To identify metabolites that differed between groups, multivariate statistical analyses, including principal component analysis (PCA) and partial least squares discriminant analysis (PLS-DA), were performed, along with univariate analyses (fold change (FC) and Student’s t-test). Data were further analyzed using clustering, log2 transformation, and z-score normalization (zero mean normalization). Hierarchical clustering was performed using Euclidean distance to assess the metabolic pathway enrichment of differential metabolites in the KEGG database. Pathways with p < 0.05 were considered significantly enriched for differential metabolites.
2.10. Correlation Analysis Between the Microbiome and Metabolome
We compared the top 50 most abundant microbiome data obtained from 16S rRNA sequencing with the top 50 metabolite data obtained from untargeted metabolomics (LC-MS) assays using Spearman correlation analyses to assess the correlation between metabolite intensity and microbial abundance.
2.11. Statistical Analysis
IBM SPSS Statistics (R26.0.0.0, Inc., Chicago, IL, USA) was used to perform ANOVA and Student’s t-tests on all data. All experimental data are expressed as mean ± standard error of the mean (S.E.M.), with p < 0.05 considered statistically significant.
3. Results
3.1. CA Protects Against Pullorum Disease by Restoring Intestinal Tight Junctions
Regarding clinical manifestations, the chicks in each group exhibited different symptoms. Chicks in the S.P group showed loss of appetite and exhibited piling behavior, depressed spirit, loose fluff, diarrhea, and white fecal slime visible at the anus. In contrast, chicks in the CA group showed noticeable improvement on the second and third days after gavage administration, with increased vigor and reduced dysentery. The CA group showed the proinflammatory cytokines IL-1β and TNF-α in ileal tissues, which were significantly higher in the S.P group. However, the expression was significantly decreased in the CA group (p < 0.05). Meanwhile, the expression of the anti-inflammatory cytokine IL-10 showed an opposite trend to that of proinflammatory factors, with a significant decrease in the S.P group compared to the CON group and there was an increase in IL-10 levels after treatment with CA (p < 0.05) on the second and third day after gavage administration, with a slight increase in vigor and an improvement in dysentery. Histopathological examination (H&E staining) revealed that the ileal tissue in the CON group was regularly arranged and densely organized without apparent lesions. The intestinal villi of the S.P group were broken and irregularly arranged, the epithelial cells were detached, and the ileal histomorphology was significantly improved in the CA group compared to the S.P group (Figure 2A). Following infection with S. pullorum, immune cells respond to the bacteria by secreting various cytokines. Our research revealed that the expression of proinflammatory cytokines IL-1β and TNF-α in ileal tissues was significantly elevated in the S.P group. At the same time, it notably decreased in the CA group (p < 0.05). In contrast, the expression of the anti-inflammatory cytokine IL-10 was significantly lower in the S.P group compared to the CON group. However, it showed an increase after CA treatment (p < 0.05) (Figure 2B).
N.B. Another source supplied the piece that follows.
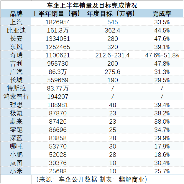 其中,比亚迪、奇瑞、理想、问界等一众车企都交出一份喜报,市场成绩均迎来正增长;与此同时,还有部分车企的年度销量目标完成率未及50%,甚至仅完成两至三成,和年度目标相去甚远。

It is well established that intestinal TJs play a primary role in preventing the invasive process of S. pullorum. We used in situ hybridization (ISH) and RT-qPCR to examine the role of CA in restoring intestinal TJs. As shown in Figure 3A,B, the fluorescence intensity indicating gene expression in the S.P group was weaker than in the CON group, while it was stronger in the CA group. RT-qPCR results showed that the mRNA expression of the three proteins was significantly decreased in the S.P group compared to the CON group and up-regulated in the CA group compared to the S.P group (p < 0.05) (Figure 3C).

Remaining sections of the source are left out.